Wednesday, August 8, 2012

Bidayatul Mujtahid + Fathul Bary

oleh Hasan Al-Jaizy

Beberapa point yang mewakili rasa:

[1] Di Islamic Book Fair kemarin, saya melihat penjualan kitab Fathul Bary tapi terjemahan ke bahasa Indonesia. Tebal sekali. Melihatnya saja sudah membuat saya heran. Pertanyaan: 'Memangnya Fathul Bary cocok dibaca secara terjemahan???'

[2] Masalahnya begini lho. Bahasa terjemahan itu secara umum tidak mewakili bahasa aslinya [Arabic], entah secara 'taste' atau makna.

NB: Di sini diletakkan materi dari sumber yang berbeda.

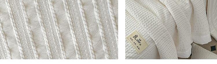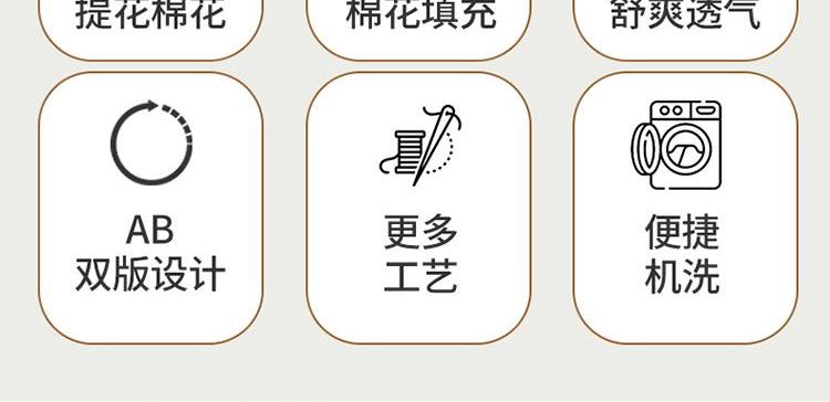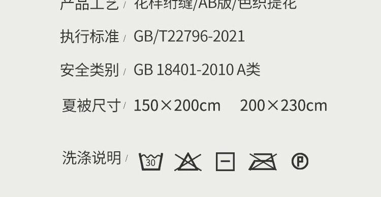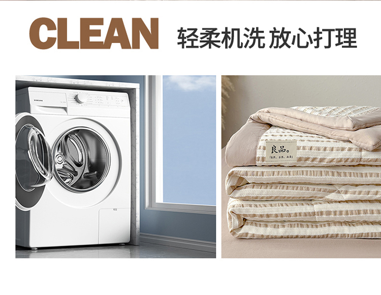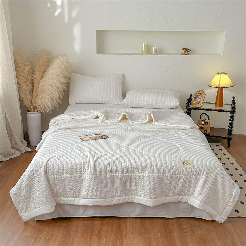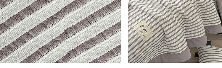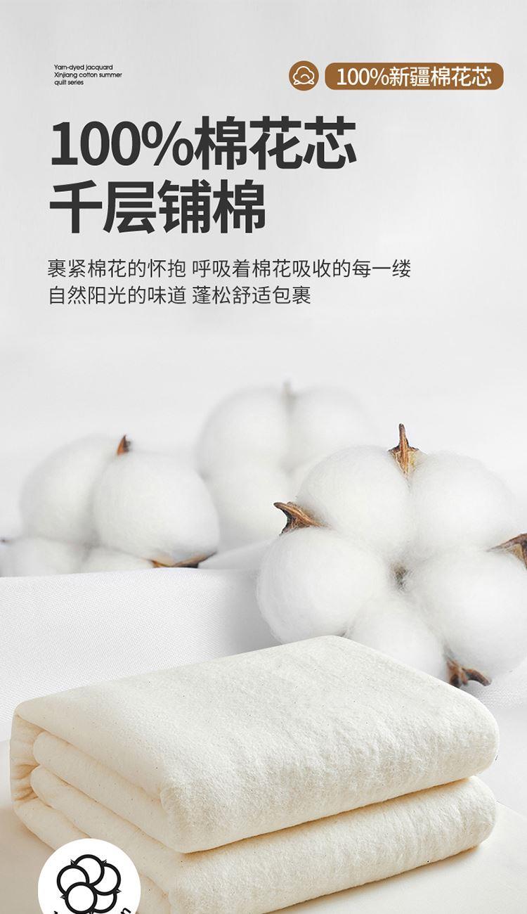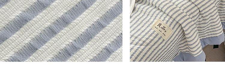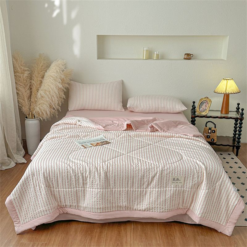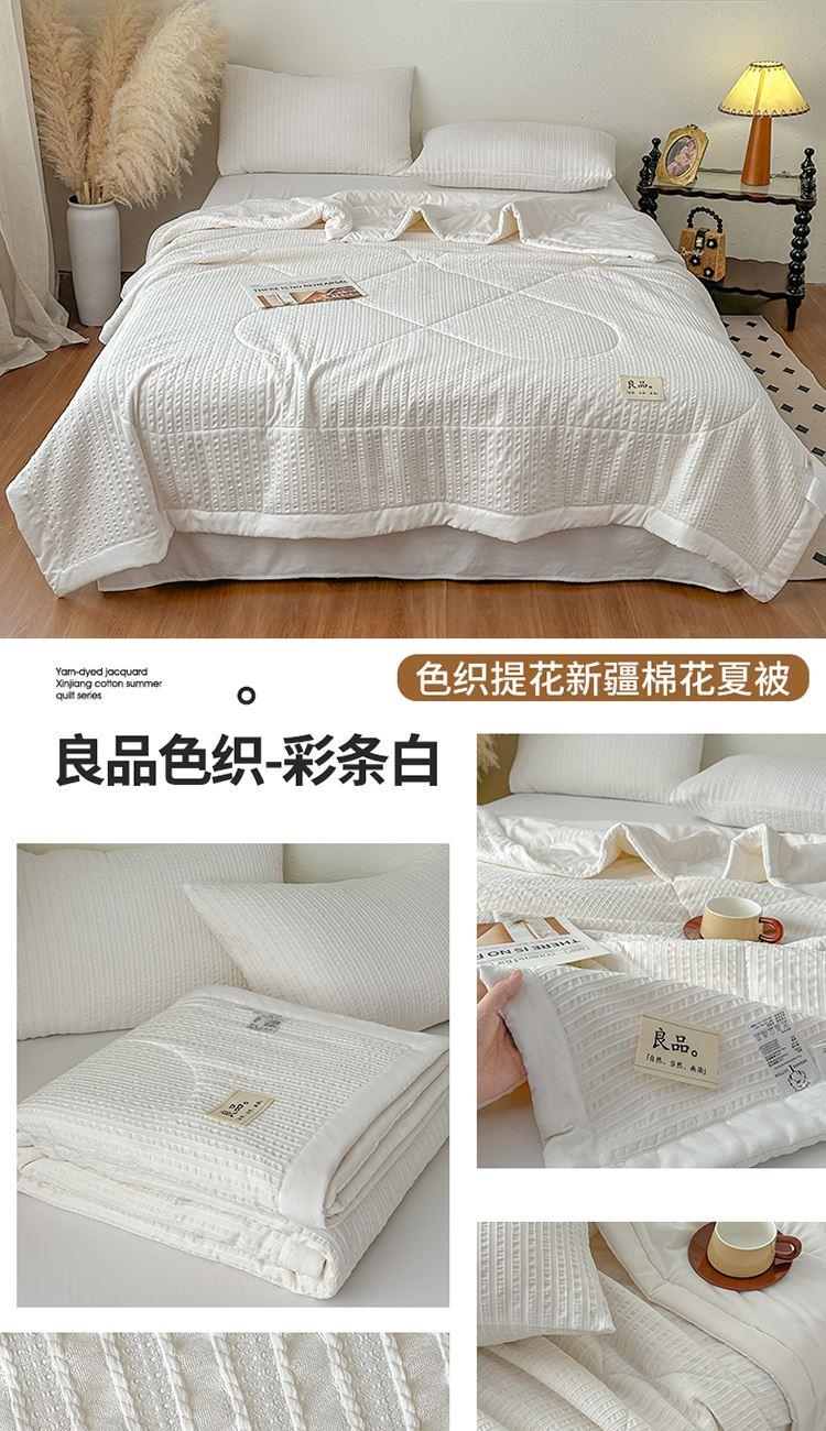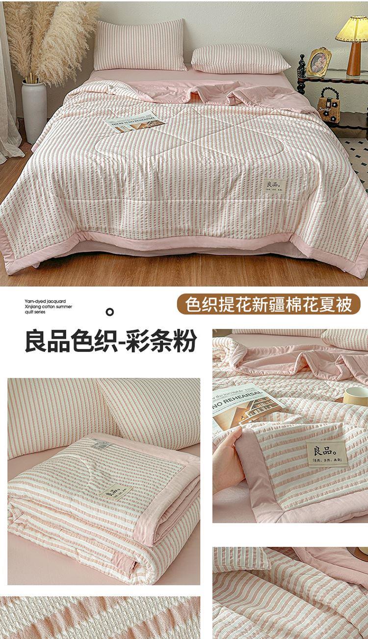 自然褶皱肌理+低饱和柔和条纹,自带“慵懒松弛感”适配侘寂风。 透气肌理织造,像被“空气云朵”包裹,裸睡不闷汗。适合偏爱清爽感的用户,满足不同季节/偏好需求。 活性印染的低饱和色系,久洗不串色、不发硬,褶皱肌理越洗越自然,不用费心熨烫也有“随性好看”的松弛。 面料:聚酯纤维 填充:新疆棉花 尺寸:150*200cm

Kemudian, saya pun membeli kitab Bidayatul Mujtahid [karya Ibnu Rusyd] yang berisikan perbedaan2 pendapat para fuqaha dalam perkara2 fiqhiyyah. Ketika membacanya, justru saya jadi kebingungan , rasanya beraaaaaat sekali dan sulit dicerna. Justru lebih enak ke kitab aslinya. Meskipun tak dapat dipungkiri, ada beberapa dari hasil terjemahan memeperjelas makna. Tapi, itu minors.

[3] Itu baru kitab Bidayatul Mujtahid, lebih-lebih Fathul Bary; yang menggabungkan pembahasan2 mustalah hadits, juga segala cabang ilmu hadits, khilaf makna kosakata hadits, perincian khilaf perkataan2 fuqaha dan lain-lain. Bukan berarti memicingkan mata atas usaha penerjemah yang luar biasa. Namun...entahlah...

[4] Dan kitab semacam Fathul Bary, bukanlah bacaan pelajar pemula. Jangan mentang2 semangat terkumpul, kemudian membaca kitab tersebut dan merasa yakin akan menguasainya. Yang jadinya, justru itu akan memunculkan rasa futur dan putus asa. Karena benang kusut tak akan bisa dirapikan kecuali oleh yang memiliki jari. Artinya: Jika belum punya alat, cari alat dulu. Dalam arti lain: Belajar juga ada derajat-derajatnya atau levelnya.